PROBLEM TO SOLVE: For this task, output exactly the lines of the material below starting at the line with "4番目のシーンでは、まず、マ" and ending at the line with "У подобных фигур"; pictures are to be excluded.

GIVEN ENTRIES:
────────────────────────────────────────

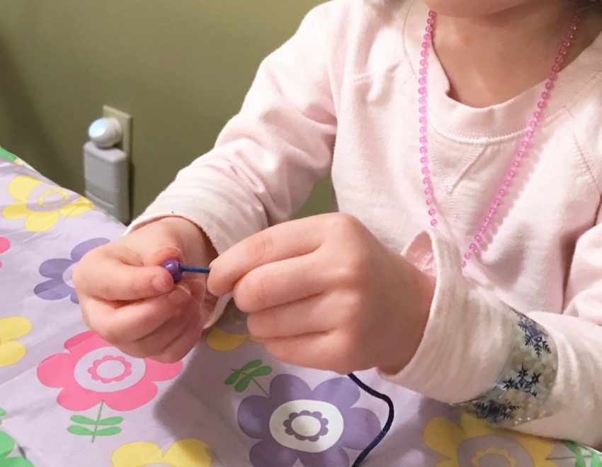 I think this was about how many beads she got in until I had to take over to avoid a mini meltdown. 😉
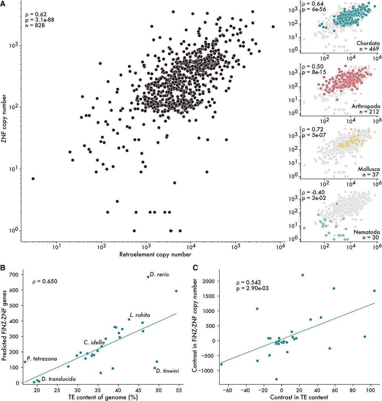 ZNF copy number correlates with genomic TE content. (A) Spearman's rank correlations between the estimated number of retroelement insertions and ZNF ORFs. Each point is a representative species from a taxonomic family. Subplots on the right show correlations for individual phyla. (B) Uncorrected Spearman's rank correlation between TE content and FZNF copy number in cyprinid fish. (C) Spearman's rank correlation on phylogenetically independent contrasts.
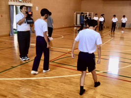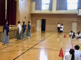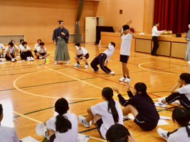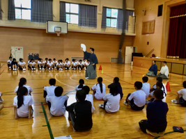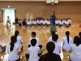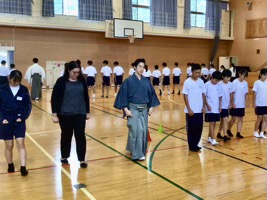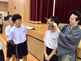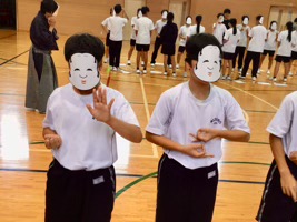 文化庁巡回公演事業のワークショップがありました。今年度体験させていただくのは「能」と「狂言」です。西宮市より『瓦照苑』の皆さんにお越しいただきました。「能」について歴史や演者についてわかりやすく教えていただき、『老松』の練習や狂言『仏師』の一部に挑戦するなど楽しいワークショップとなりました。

────────────────────────────────────────

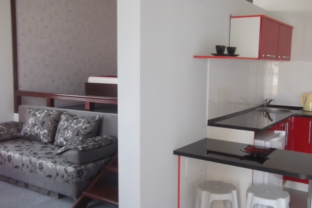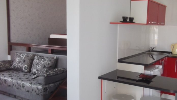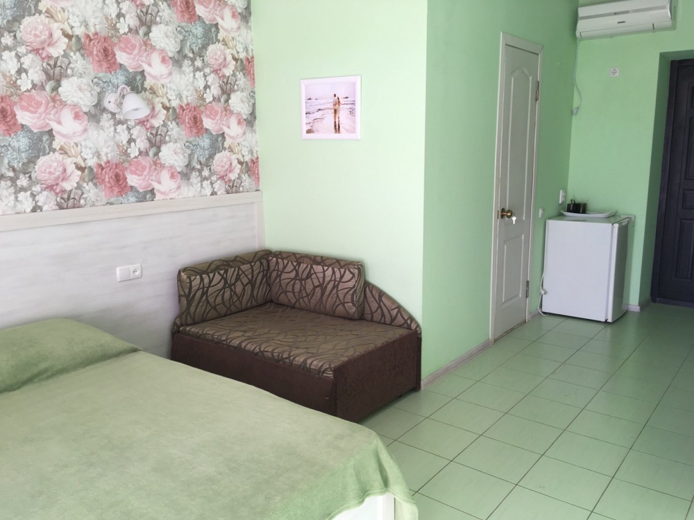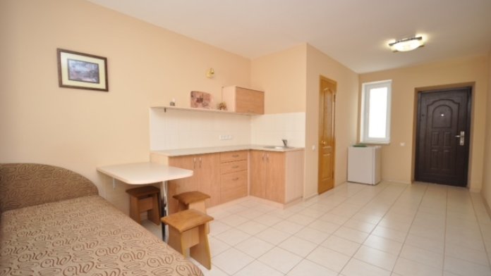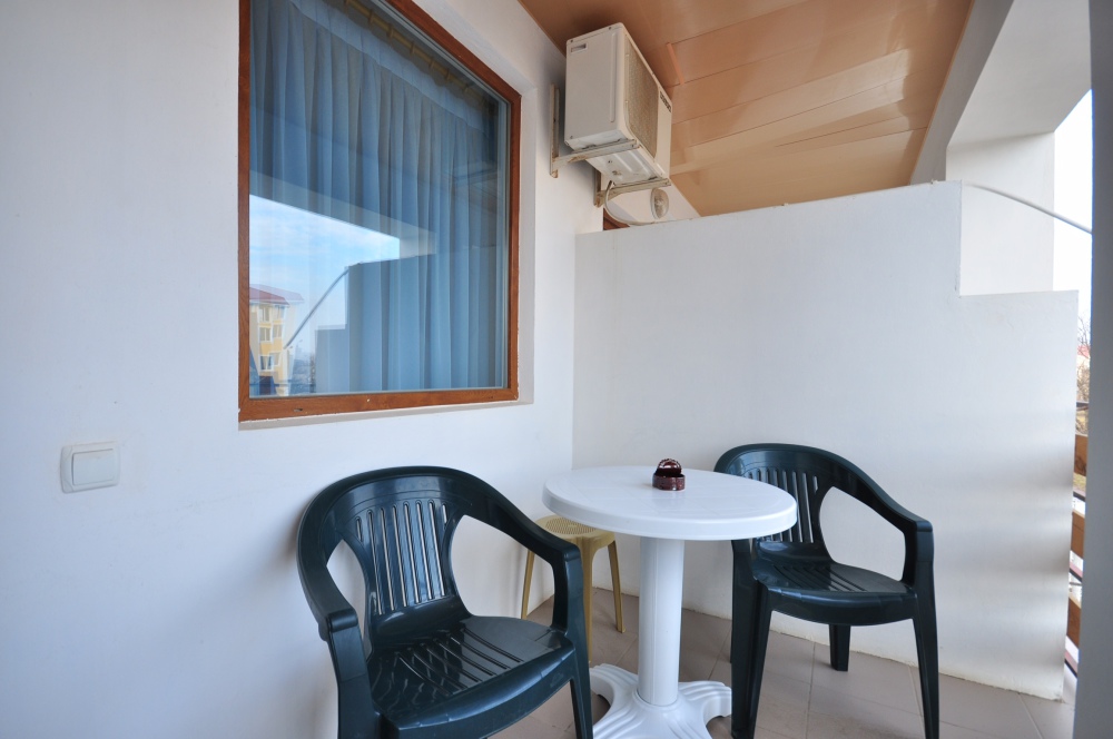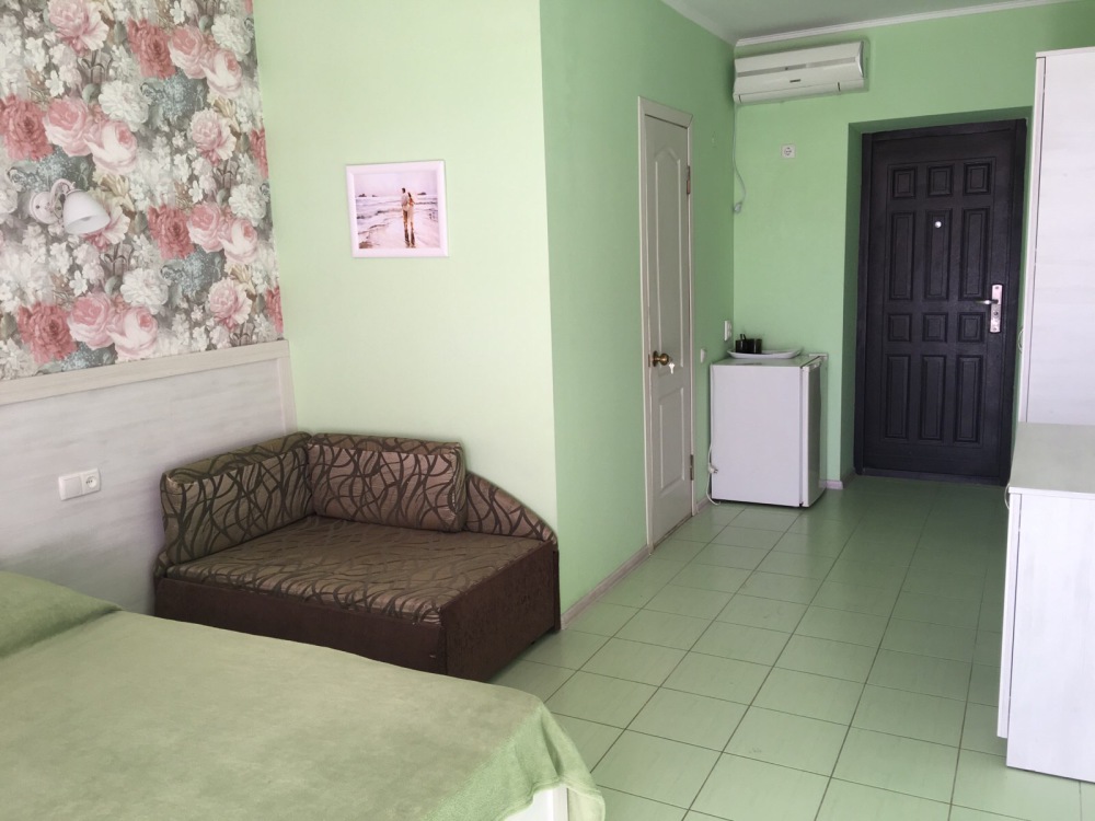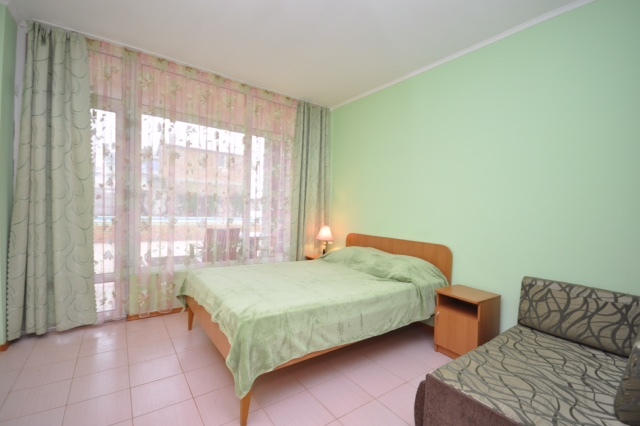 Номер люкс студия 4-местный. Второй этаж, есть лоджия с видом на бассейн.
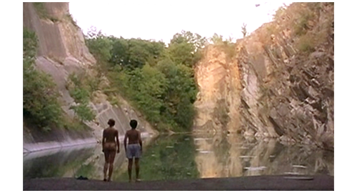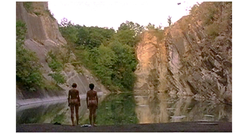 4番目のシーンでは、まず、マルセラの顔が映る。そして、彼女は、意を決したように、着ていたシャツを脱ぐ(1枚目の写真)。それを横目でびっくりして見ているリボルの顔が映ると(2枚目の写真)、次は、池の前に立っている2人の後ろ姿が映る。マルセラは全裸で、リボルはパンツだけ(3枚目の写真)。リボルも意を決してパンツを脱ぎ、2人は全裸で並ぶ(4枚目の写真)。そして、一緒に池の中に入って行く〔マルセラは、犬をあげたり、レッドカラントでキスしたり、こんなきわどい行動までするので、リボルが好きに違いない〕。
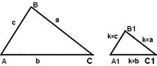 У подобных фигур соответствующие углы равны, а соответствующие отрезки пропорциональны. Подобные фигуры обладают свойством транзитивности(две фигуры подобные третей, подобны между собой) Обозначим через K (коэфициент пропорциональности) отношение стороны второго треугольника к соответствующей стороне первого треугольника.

────────────────────────────────────────

OUTPUT:
 4番目のシーンでは、まず、マルセラの顔が映る。そして、彼女は、意を決したように、着ていたシャツを脱ぐ(1枚目の写真)。それを横目でびっくりして見ているリボルの顔が映ると(2枚目の写真)、次は、池の前に立っている2人の後ろ姿が映る。マルセラは全裸で、リボルはパンツだけ(3枚目の写真)。リボルも意を決してパンツを脱ぎ、2人は全裸で並ぶ(4枚目の写真)。そして、一緒に池の中に入って行く〔マルセラは、犬をあげたり、レッドカラントでキスしたり、こんなきわどい行動までするので、リボルが好きに違いない〕。
 У подобных фигур соответствующие углы равны, а соответствующие отрезки пропорциональны. Подобные фигуры обладают свойством транзитивности(две фигуры подобные третей, подобны между собой) Обозначим через K (коэфициент пропорциональности) отношение стороны второго треугольника к соответствующей стороне первого треугольника.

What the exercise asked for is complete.